Sittin’ Pretty (or… I Suck at Design)
For the most part, I’ve always been an ‘if it works’ kinda guy; I never really paid that much attention to how pretty anything I ever made looked.
When I was a kid, my family taught me all the crafty basics… how to knit (and french-knit), to sew, papercraft & papier-maché, to carve wood, to do a whole bunch of that type of thing.
My LEGO and Meccano builds were more making, from crazy train stations, car ports, models, and other random builds all the way to ‘functioning’ helicopters (they didn’t fly, but everything else worked).
Then later in school I carried that on, At A-level I studied design & technology, and electronics (didn’t score that great, but I enjoyed it). My main hobby then was CB-Radio and I made various bits of gear for that, rig-holders, antenna stands/fixings and did my own repairs (I’m pretty handy with a soldering iron for an amateur).

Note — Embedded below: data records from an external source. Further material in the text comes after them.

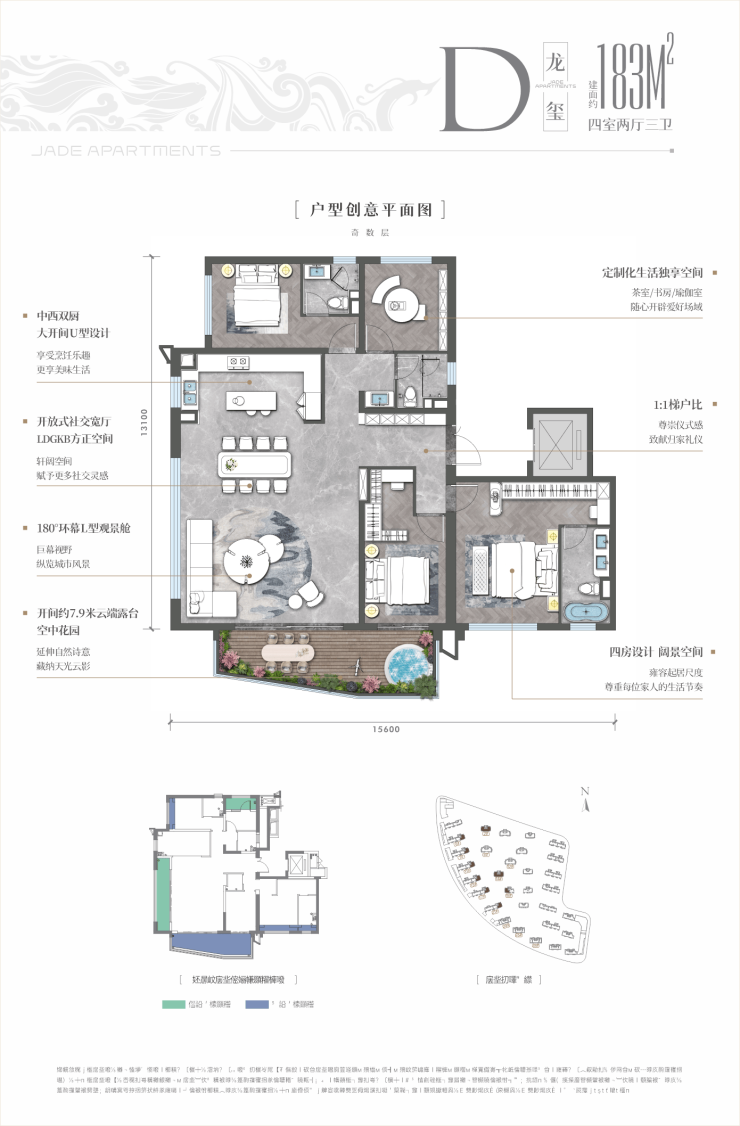 建筑面积约143-183㎡宽景云端院落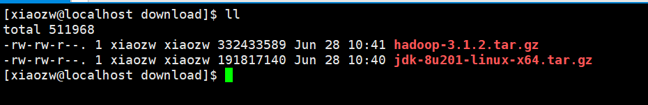 1. 下载hadoop和jdk安装包到指定目录,并安装java环境。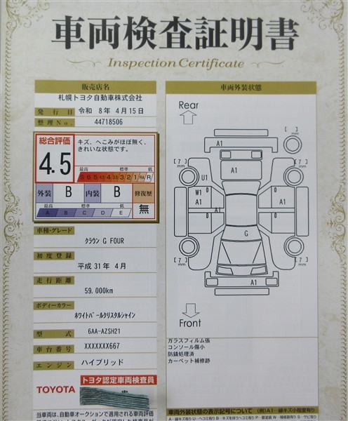 上記と同様の評価点・状態表を「車両検査証明書」として店舗の展示車両に搭載しております。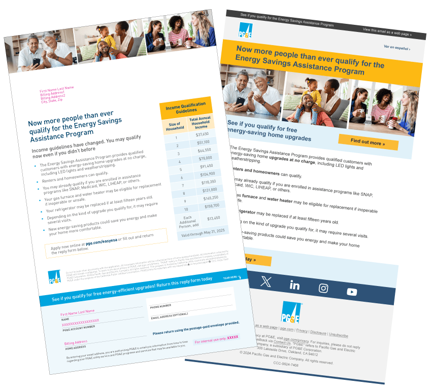 The Energy Savings Assistance (ESA) Program provides free energy-efficient home improvements to PG&E customers who meet specific income requirements, and own or rent a home that’s at least five years old. Previously, ESA was mailing on a quarterly basis. Now, due to the success of highly engaging program messaging and creative we worked on with Jascenth Edwards, the campaign strategy is being transitioned to monthly automated campaigns to ensure a steadier flow of applications in the pipeline. This allows implementers to better keep up with the demand being generated.

And of course I’ve programmed since a very young age, from ‘peeking’ and ‘poking’ my way to a BASIC USS Enterprise flying around my C64 blue-screen to puzzles, adventure games, dictionaries and the like. Right through to my university dissertation project (a 3D file management UI) which worked really well, but looked rubbish.
The Revelation
It never really occurred to me that any of these things needed to actually ‘look nice’; if they worked, I was happy. If that meant my CB lived in a grey-metal box or my pencil-case had 2 zips because I sewed the first one to itself, than that was fine :)
Now I’m playing a different game of it. I’ve been building picWorkflow for almost a year now (and picNiche for just over 3) and I have been getting the same comment, more-or-less, for much of that time: “It works fine, but it looks so [bland/plain/boring/crap/etc]”. Well, I’m trying something new and spending some time making it look great.
I’ve already improved on my initial picNiche design by trading my professional coding skills with a professional designer for a nice logo and basic site layout which has me going in the right direction, and there’s a whole bunch of new design elements coming soon (planned by the end of august) in the site to start bringing it upto the expectations people have of the modern web.
The weird thing is, that after weeks or even months of focussing more on the ‘looks’ I’m finally starting to understand… Things that ‘look better’ may not actually ‘work better’, but it’s much easier to get others to try out the working parts if it really looks like it will work when they try it.